Oncoinvent, expressed great excitement regarding the IND clearance for this phase 2b study of Radspherin®, which allows for the inclusion of patients in the first-line treatment of ovarian cancer. This accomplishment closely follows the IND clearance for Radspherin® in colorectal cancer patients. With the launch of two clinical trials in the United States, Oncoinvent looks forward to expanding the clinical application of Radspherin® to include both the United States and Europe.

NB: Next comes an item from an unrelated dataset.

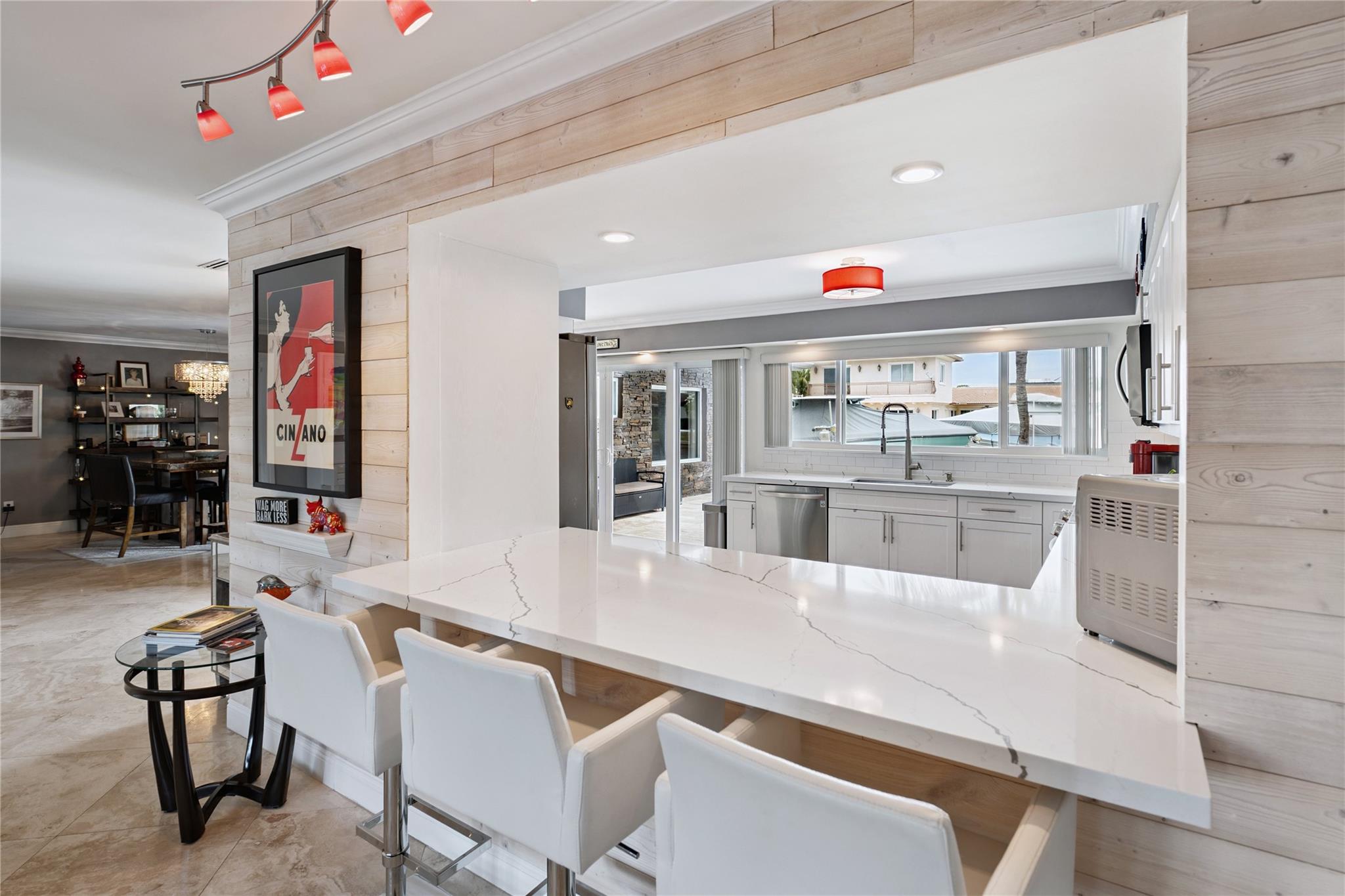 What a great waterfront home. Located on 80 feet of water frontage. This 4 bedroom and 3 bath home has been beautifully updated. Open kitchen with all new appliances. Hurricane impact windows and doors. Over sized 2 car hurricane impact garage door. Plus the garage is air conditioned. If you love to entertain, you will love the back yard with all the landscaped lighting. The pool has been updated with new heater/chiller. Great out side summer kitchen and gazebo. New 10,000 lbs boat lift and new Trex dock and under water lighting. The roof was replaced in 2017. Very quiet street and close to shopping, restaurants and the ocean. This is a must see.

With compelling data supporting Radspherin® from both clinical programs, the company remains unwavering in its mission and eagerly anticipates advancing to the next stages of development.

In the phase 1 clinical trial of Radspherin® involving patients with recurrent ovarian cancer, a recommended dose of 7MBq was chosen following the completion of dose escalation. Oncoinvent recently presented preliminary safety data from the ongoing RAD-18-001 study evaluating the dose, safety, and tolerability of Radspherin® in patients with recurrent ovarian cancer at the 24th Congress of the European Society of Gynaecological Oncology (ESGO). The interim safety analysis of the trial revealed that Radspherin® was well-tolerated, with no instances of dose-limiting toxicity.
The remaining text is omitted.